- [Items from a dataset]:

--*--

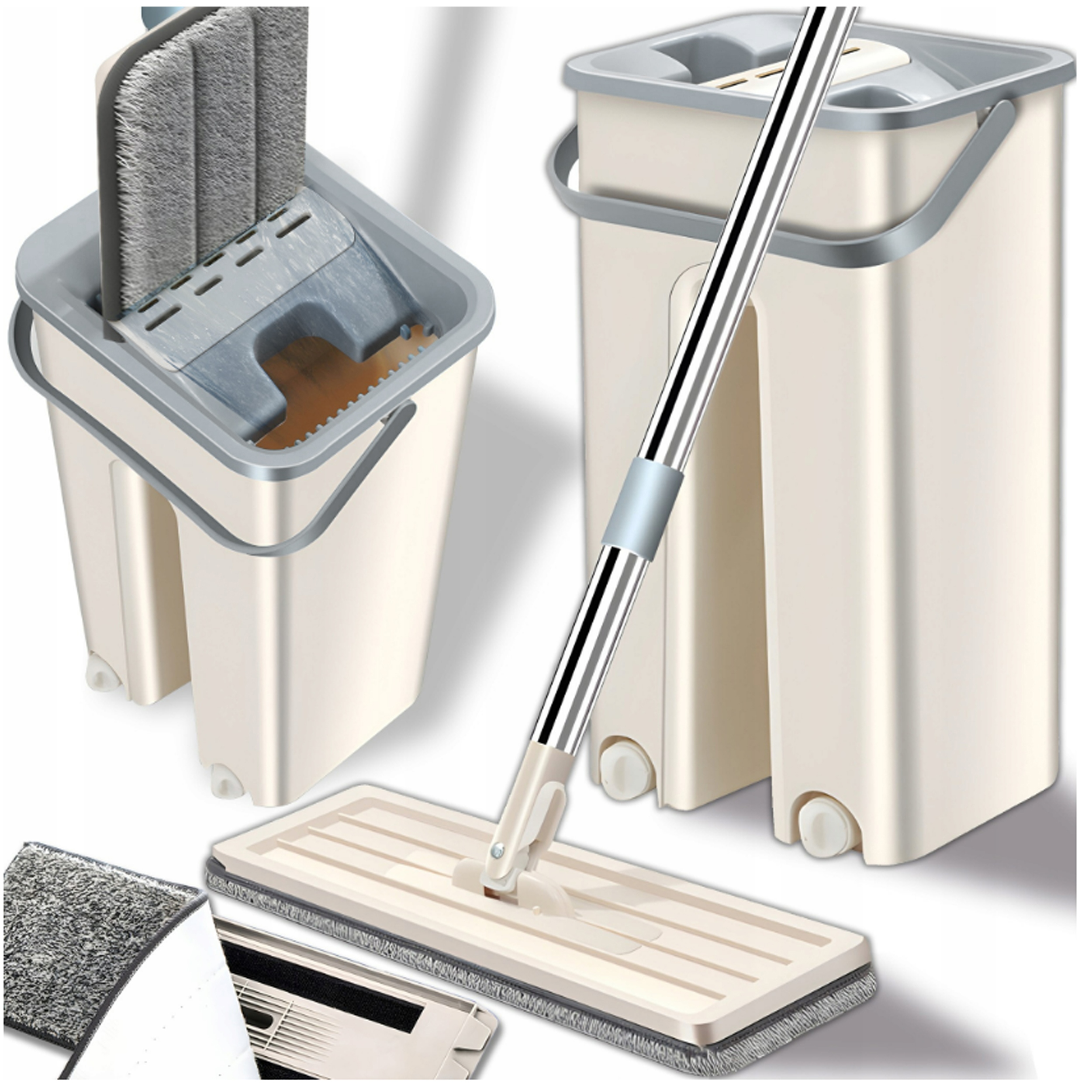 MOP PŁASKI DO MYCIA PODŁOGI OBROTOWY WYCISKACZ DWUKOMOROWY WIADERKO
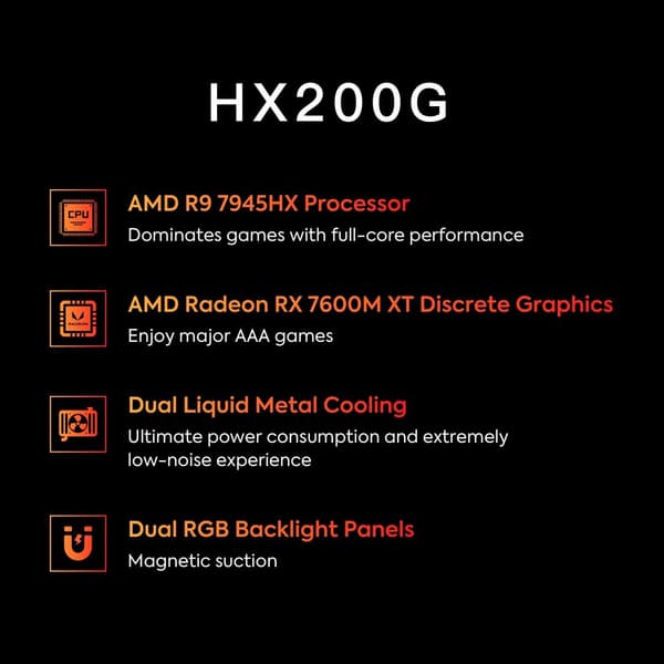 В оснащение Minisforum HX200G вошёл 16-ядерный AMD Ryzen 9 7945HX, а за обработку графики отвечает Radeon RX 7600M XT с 8 ГБ собственной памяти. Об объёмах ОЗУ и SSD данных нет, но можно не сомневаться, что они будут немалые. За отведение тепла отвечает система жидкостного охлаждения, а корпус хоть и небольшой, но снабжён RGB-подсветкой.
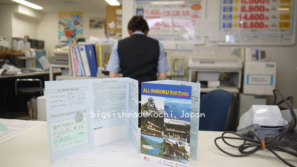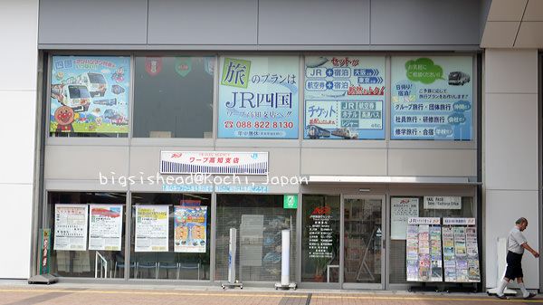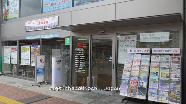 原來不是在車站裡的窗口兌換JR四國PASS啦!是要到一旁的JR四國旅遊代理中心兌換,不用進到車站,如果面向高知車站前站的話則在左側門口擺了很多DM那間就是。沒有先在台灣購買的朋友,就是要來這間來買PASS喔!
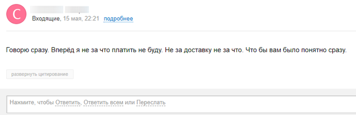 Странно было что человек после моего положительного ответа на его письмо пропал с горизонта. Но я человек не гордый, гора сама идёт к Магомету. Так что я погуглил по его почте и нашел номер телефона на одной из досок объявлений Смоленска. Спросил в СМСке будет ли забирать. Так я открыл ящичек пандоры.
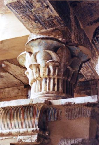 Nous redescendons à flanc de montagne dans les tombes avec de curieux pyramidions et dans le village et le village en ruines jusqu’au temple d’Hathor complètement caché par un mur de briques de terre crue bizarrement ondulé. Le temple est tout petit mais en très bon état. Il a gardé son plafond, ses colonnes campaniformes d’un très joli bleu turquoise et ses fresques dans les trois chapelles… Il y a des têtes de vache partout, ce qui est normal pour temple consacré à Hathor, mais d’autres divinités ont une tête bovine. Le gardien nous montre la pesée des âmes avec Thot l’ibis et la Dévoreuse.
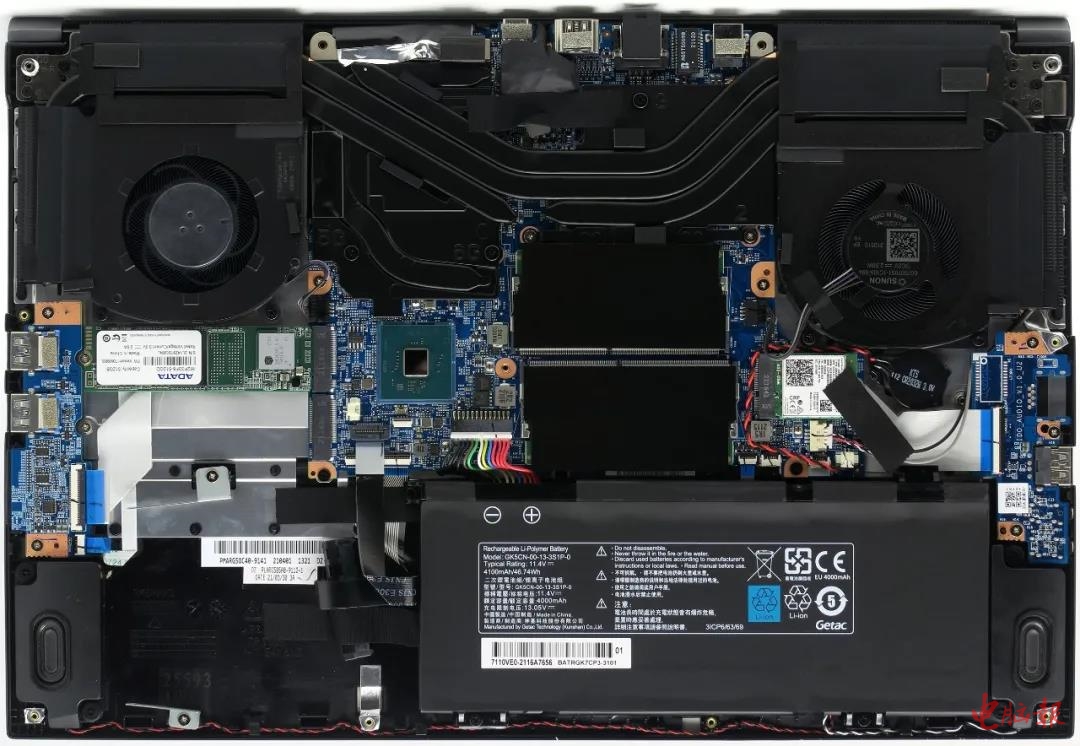 ●配置规格比较高,双风扇五热管设计。存储是三盘位,两根M.2 SSD位,一个2.5英寸位,要想速度起飞,可以三个都用SSD。
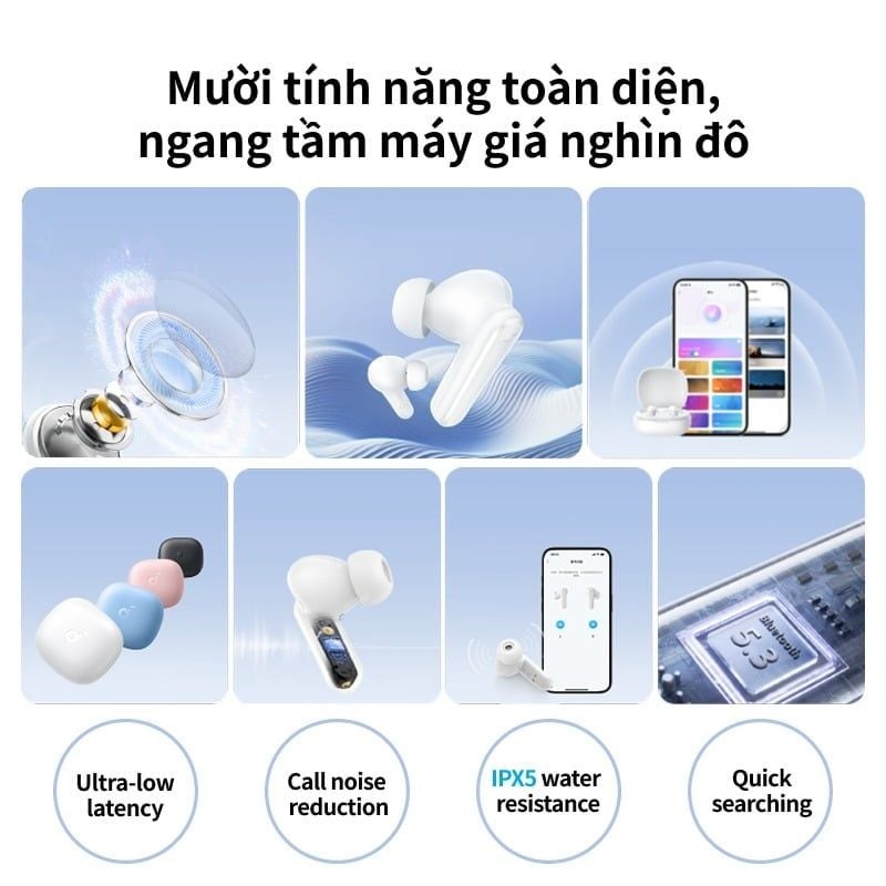 Tính năng Tai Nghe Không Dây TWS SOUNDCORE R50i (Bluetooth v5.3, 10H, IPX5, BassUp™, AI 2 Mic, Support App)
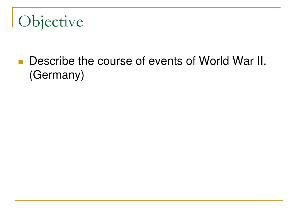 World War II: Germany. Objective. Analyze how the ambitions of Hitler/Germany paved the way for the outbreak of WWII. Germany’s Path to War. Hitler’s theory of racial domination laid the foundation for aggressive expansion of Germany Hitler starts by violating the Treaty of Versailles.
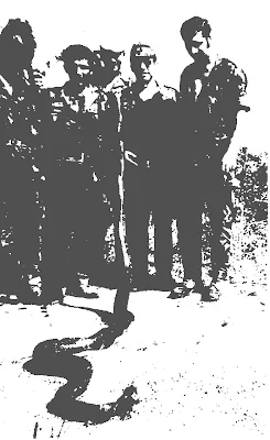 Recuperados da emoção, os homens começaram o seu trabalho e eu dirijo-me para um tronco de árvore, que estava caído, para me sentar. Ao aproximar-me do tronco, este mexe-se. Era uma gibóia, com sete metros de comprido. Enfiei-lhe um carregador em cima e ela continuava bem viva. O Cabo enfermeiro Luís, agarra num tronco de um ramo verde, e, pondo-se à frente dela, bate-lhe continuamente na cabeça, até a cobra se ver perdida.
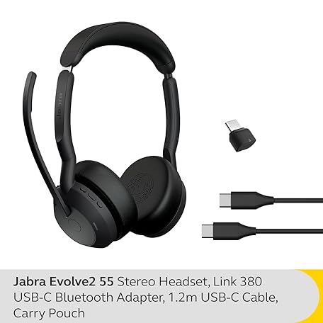 Thông tin sản phẩm Jabra Evolve2 55 Stereo Wireless Headset Air Comfort Technology, Noise-cancelling Mics, and Active Noise Cancellation - MS Teams Certified, Works with All Other Platforms - Black
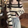 Herbstlicher neuer sexy gestreifter Pullover für Damen, kurzes Design, dezentes schulterfreies Pullover-Oberteil
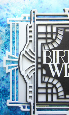 Hello bloggers!  I selected a pixied piece from my background stash for today's card.  I used Aqua Lagoon and Midnight Blue Pixie Powders on it.  Next I cut the Art Deco Ornate Tile in both black and white.  I shadowed the white one with the black die cut, then cut the middle die in black and layered it up on top.  I cut one more of the Ornate Tile in white and nipped it in half.  I added the halves to the underside of the focal element, extending the die across the card.  I added two thin black lines to the sides of the card.  I cut the Art Deco Birthday Wishes in white and glued it across the middle of the die.  The card was completed with white mats and layers.  The finished dimensions are 7"  x  9 1/4"  in size.  All for now, Sue x
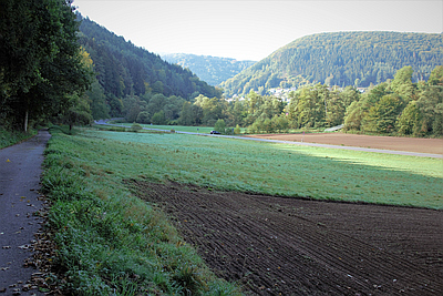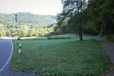Flur 6 - Sie beschränkt sich mit 2 Flurteilen "Eckenberg" und "Ockenberg" auf einen heute bewaldeten, nur etwa 50 Meter breiten Bergstreifen hinter "Ober der Brücke" bis in die Nähe vom neuen Schwimmbad. Die Kyll bildet mit dem Berghang, den sie anstößt, die "Ecke". Im Eigentum der Dorfleute war auch diese Flur wie die meisten Berghänge ehedem landwirtschaftlich genutzt, was in "Ockenberg" = Ackerberg noch anklingt. Über dem Eckenberg hat früher eine Waldschneise vom Hochmarksweg her einen freien, lustigen Ausblick in das nördliche Kylltal gestattet. Nach dem Besitzer des Grundstückes ist das heute noch als "Schmittesfinsterchen" bekannt. [1]
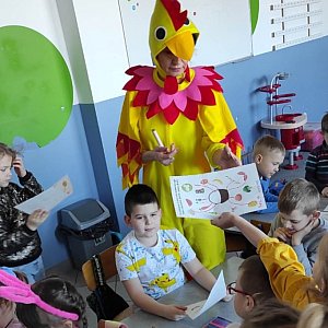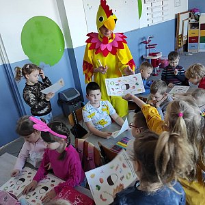 W związku ze zbliżającymi się świętami Wielkanocnymi dzieci z zerówki (0b) ze Szkoły Podstawowej nr 4 w Ciechanowie miały niespodziewaną wizytę wyjątkowych gości. Klasę odwiedził Zajączek oraz Kurczak wielkanocny, którzy przeprowadzili z dziećmi świąteczne zajęcia.
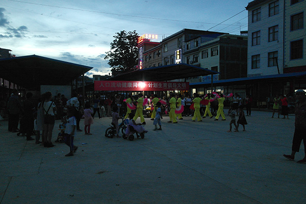 宣传活动结束时,来自江边村委会的两支计生协会文艺队向观众表演《异乡情暖民工心》、《我在他乡最幸福》等文艺节目,节目把流动人口基本公共卫生服务项目、孕产妇保健、性病、艾滋病防治、生殖健康等知识融入到其中,深入流动人口农民喜爱。一位四川籍张姓民工说,江边虽然贫困,但是在这里我能享受到家乡一样医疗卫生、计生服务。

--*--

- [What this task involves]:
Starting at the first line of the records above, set down each line exactly through the one that holds "Tính năng Tai Nghe". Omit pictures.

- [Solution below]:
 MOP PŁASKI DO MYCIA PODŁOGI OBROTOWY WYCISKACZ DWUKOMOROWY WIADERKO
 В оснащение Minisforum HX200G вошёл 16-ядерный AMD Ryzen 9 7945HX, а за обработку графики отвечает Radeon RX 7600M XT с 8 ГБ собственной памяти. Об объёмах ОЗУ и SSD данных нет, но можно не сомневаться, что они будут немалые. За отведение тепла отвечает система жидкостного охлаждения, а корпус хоть и небольшой, но снабжён RGB-подсветкой.
 原來不是在車站裡的窗口兌換JR四國PASS啦!是要到一旁的JR四國旅遊代理中心兌換,不用進到車站,如果面向高知車站前站的話則在左側門口擺了很多DM那間就是。沒有先在台灣購買的朋友,就是要來這間來買PASS喔!
 Странно было что человек после моего положительного ответа на его письмо пропал с горизонта. Но я человек не гордый, гора сама идёт к Магомету. Так что я погуглил по его почте и нашел номер телефона на одной из досок объявлений Смоленска. Спросил в СМСке будет ли забирать. Так я открыл ящичек пандоры.
 Nous redescendons à flanc de montagne dans les tombes avec de curieux pyramidions et dans le village et le village en ruines jusqu’au temple d’Hathor complètement caché par un mur de briques de terre crue bizarrement ondulé. Le temple est tout petit mais en très bon état. Il a gardé son plafond, ses colonnes campaniformes d’un très joli bleu turquoise et ses fresques dans les trois chapelles… Il y a des têtes de vache partout, ce qui est normal pour temple consacré à Hathor, mais d’autres divinités ont une tête bovine. Le gardien nous montre la pesée des âmes avec Thot l’ibis et la Dévoreuse.
 ●配置规格比较高,双风扇五热管设计。存储是三盘位,两根M.2 SSD位,一个2.5英寸位,要想速度起飞,可以三个都用SSD。
 Tính năng Tai Nghe Không Dây TWS SOUNDCORE R50i (Bluetooth v5.3, 10H, IPX5, BassUp™, AI 2 Mic, Support App)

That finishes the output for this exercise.